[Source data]
^^^^

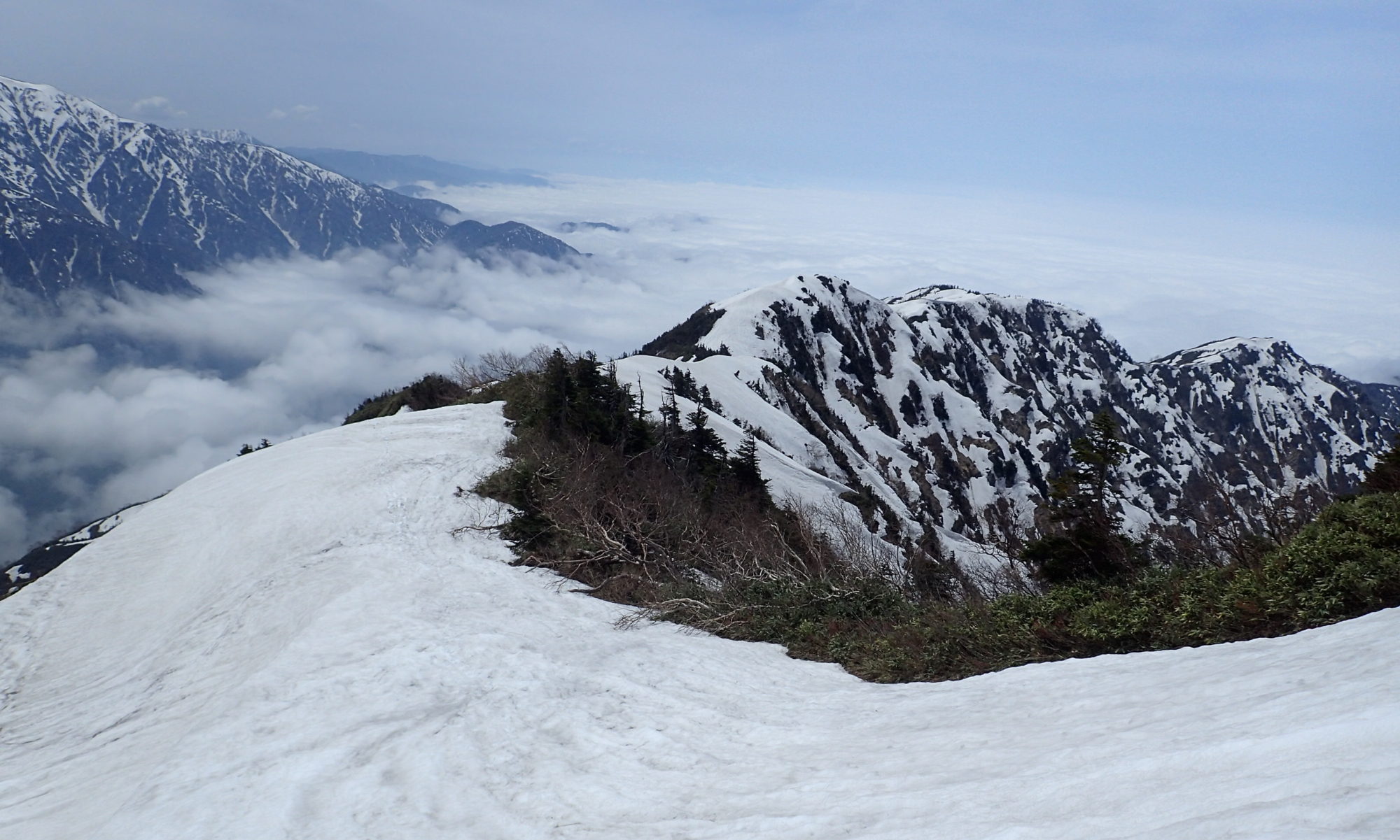 混雑が予想される立山を避けて、コット谷から大日岳へ。今年は雪が多かったにもかかわらず、最終堰堤までの雪がなくなっている。水量もあって左岸に渡れない状態。右岸側には、高巻きしなければクリアーできない箇所があり、行きから藪こぎでアドベンチャー。それでも最終堰堤からはサクサクとハイク。大日岳からのロング・シャウダー滑降も十分に楽しむことができた。
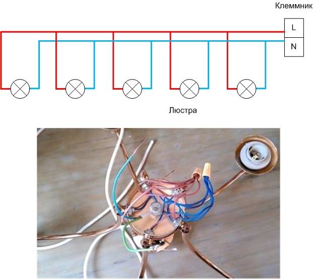 В последнее время люстры соединяются внутри разноцветными проводами. Как правило, используются синие и коричневые проводники, хотя возможны и другие варианты расцветок. Согласно стандартам, синий провод предназначается для подключения «нуля». Поэтому в первую очередь формируется «ноль», за счет скрутки всех синих проводов
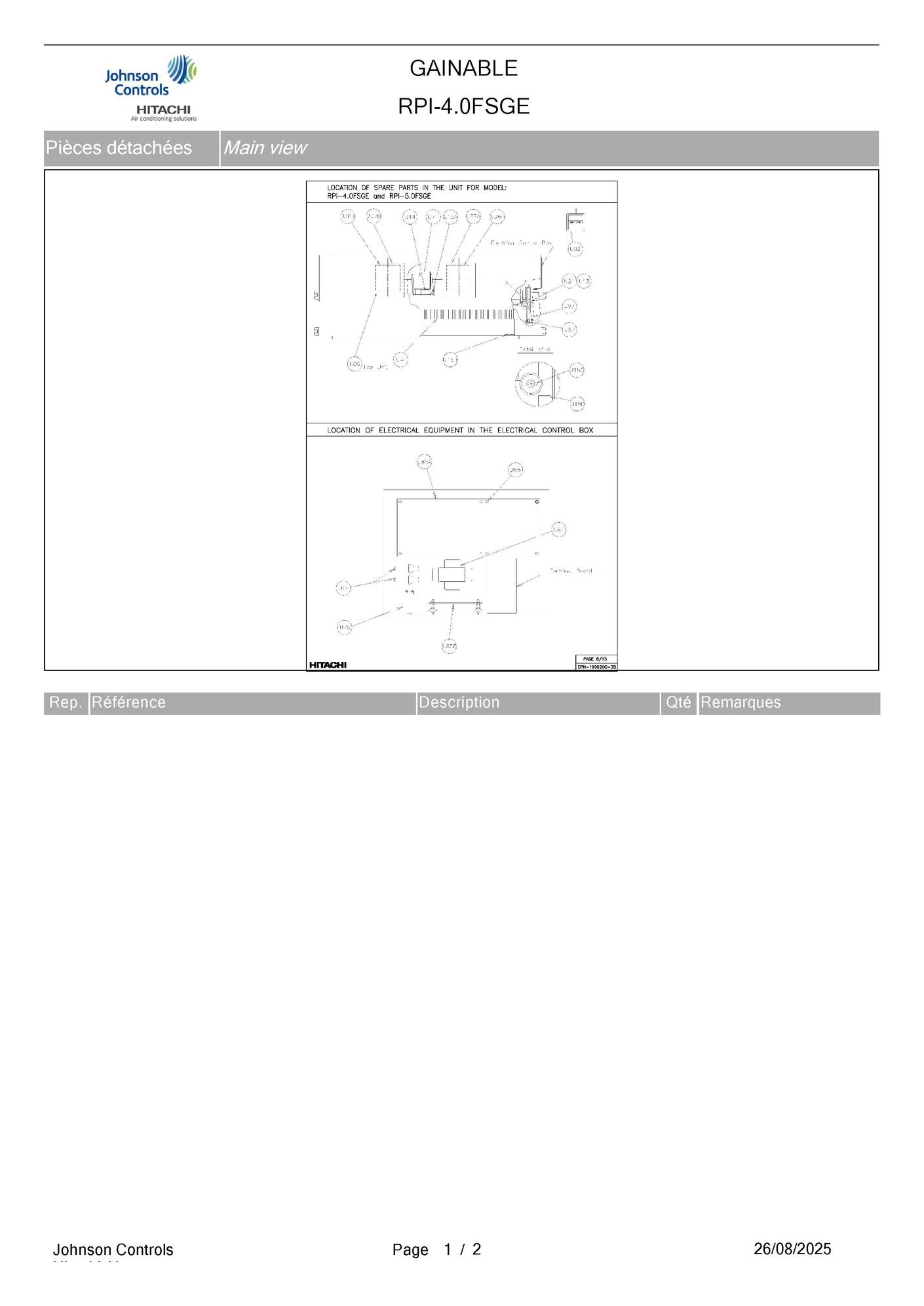 Pièces détachées contenues dans cet appareil Unité gainable Hitachi RPI-4.0FSGE
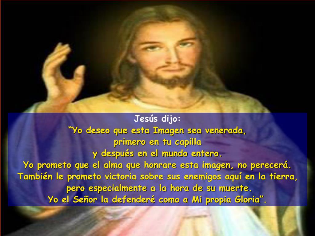 Jesús dijo: “Yo deseo que esta Imagen sea venerada, primero en tu capilla y después en el mundo entero. Yo prometo que el alma que honrare esta imagen, no perecerá. También le prometo victoria sobre sus enemigos aquí en la tierra, pero especialmente a la hora de su muerte. Yo el Señor la defenderé como a Mi propia Gloria”.
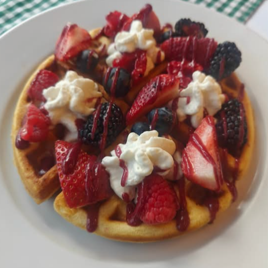 Servido con topping de frutos rojos y crema batida hecha en casa.
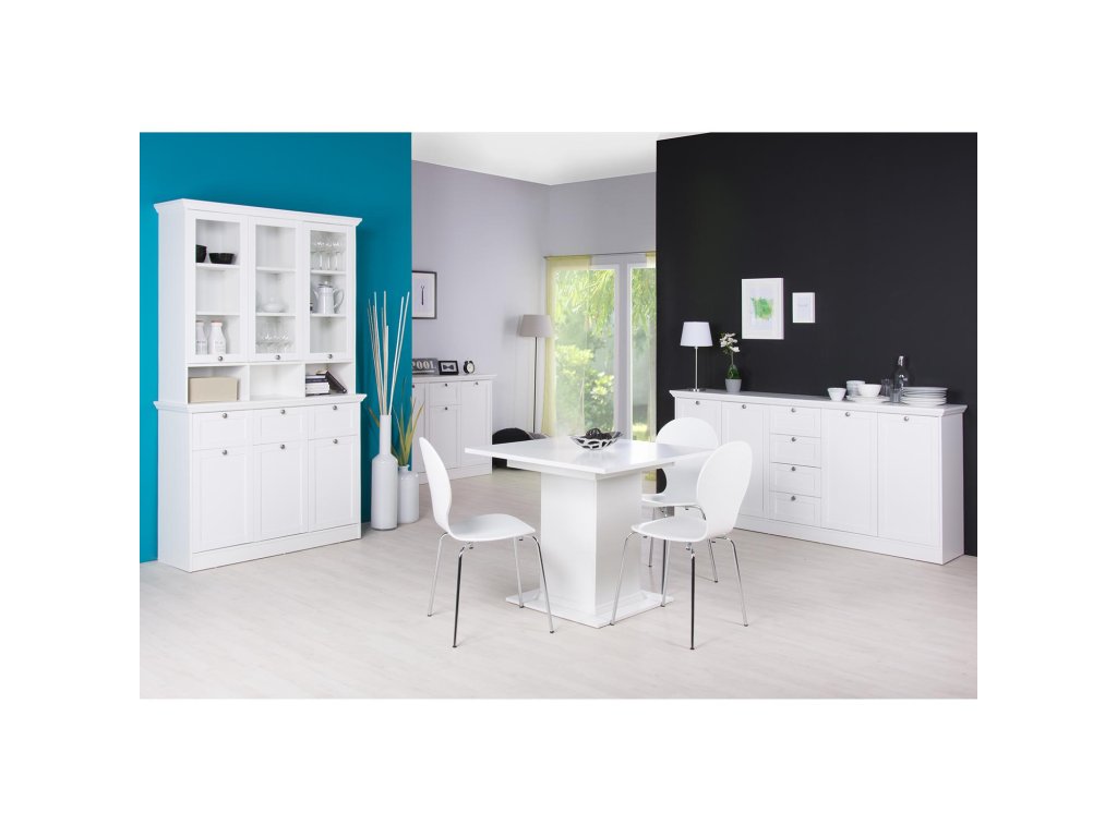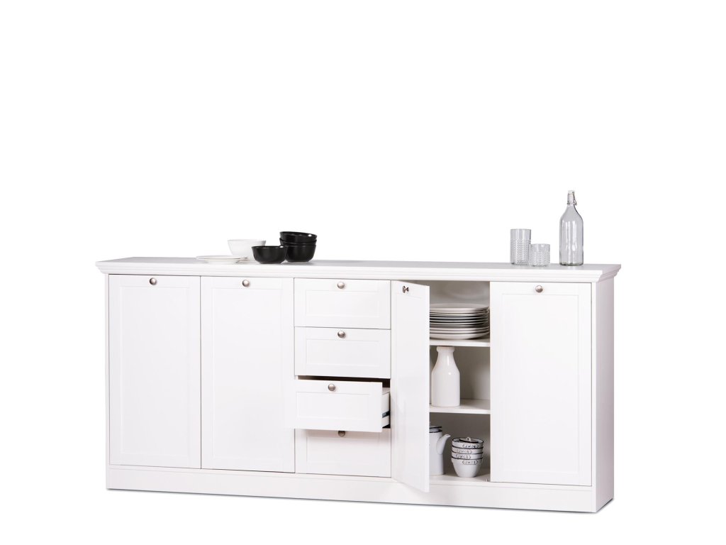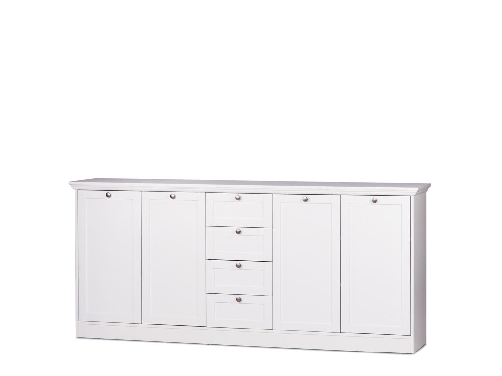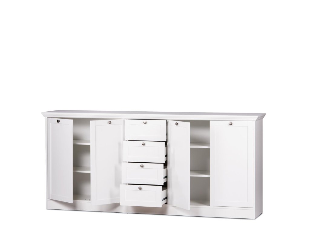 materiál kombinace MDF / lamino, barevné provedení bílá 4 dveře, 4 široké police, 4 zásuvky s kovovými pojezdy, úchytky starožitného vzhledu součást sestavy LandwoodDodatočné parametre
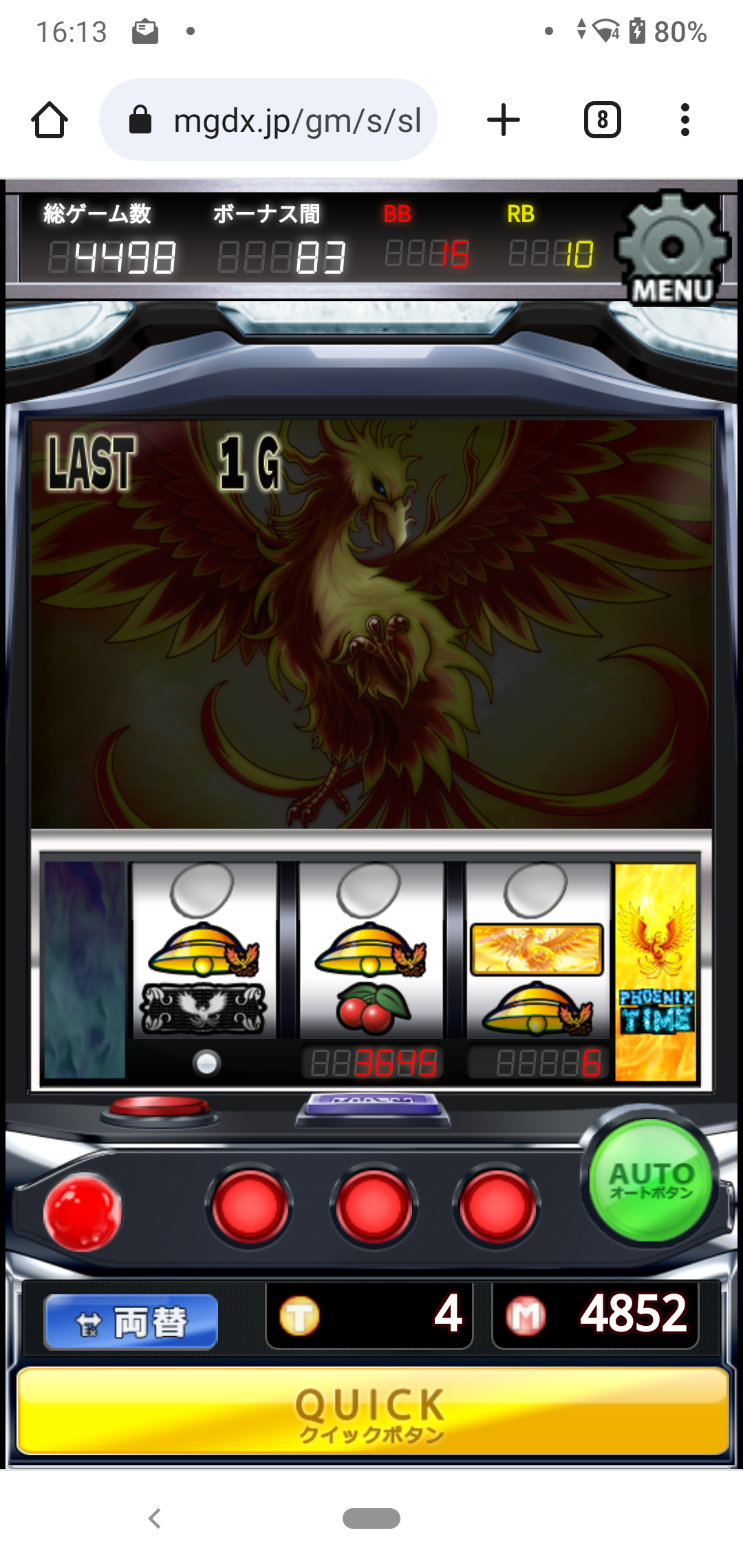 5500枚まで増えてから400、400、500とハマりましたが、フェニックスタイムでビッグ 連荘してくれました!またハマるの怖いので200回して退散しました。 |

^^^^

## Work to be completed
Beginning with the line containing "deseo que esta" and ending with the last line of the data above, repeat each line exactly. Include no pictures and no other lines.

## Written response
 Jesús dijo: “Yo deseo que esta Imagen sea venerada, primero en tu capilla y después en el mundo entero. Yo prometo que el alma que honrare esta imagen, no perecerá. También le prometo victoria sobre sus enemigos aquí en la tierra, pero especialmente a la hora de su muerte. Yo el Señor la defenderé como a Mi propia Gloria”.
 Servido con topping de frutos rojos y crema batida hecha en casa.
 materiál kombinace MDF / lamino, barevné provedení bílá 4 dveře, 4 široké police, 4 zásuvky s kovovými pojezdy, úchytky starožitného vzhledu součást sestavy LandwoodDodatočné parametre
 5500枚まで増えてから400、400、500とハマりましたが、フェニックスタイムでビッグ 連荘してくれました!またハマるの怖いので200回して退散しました。 |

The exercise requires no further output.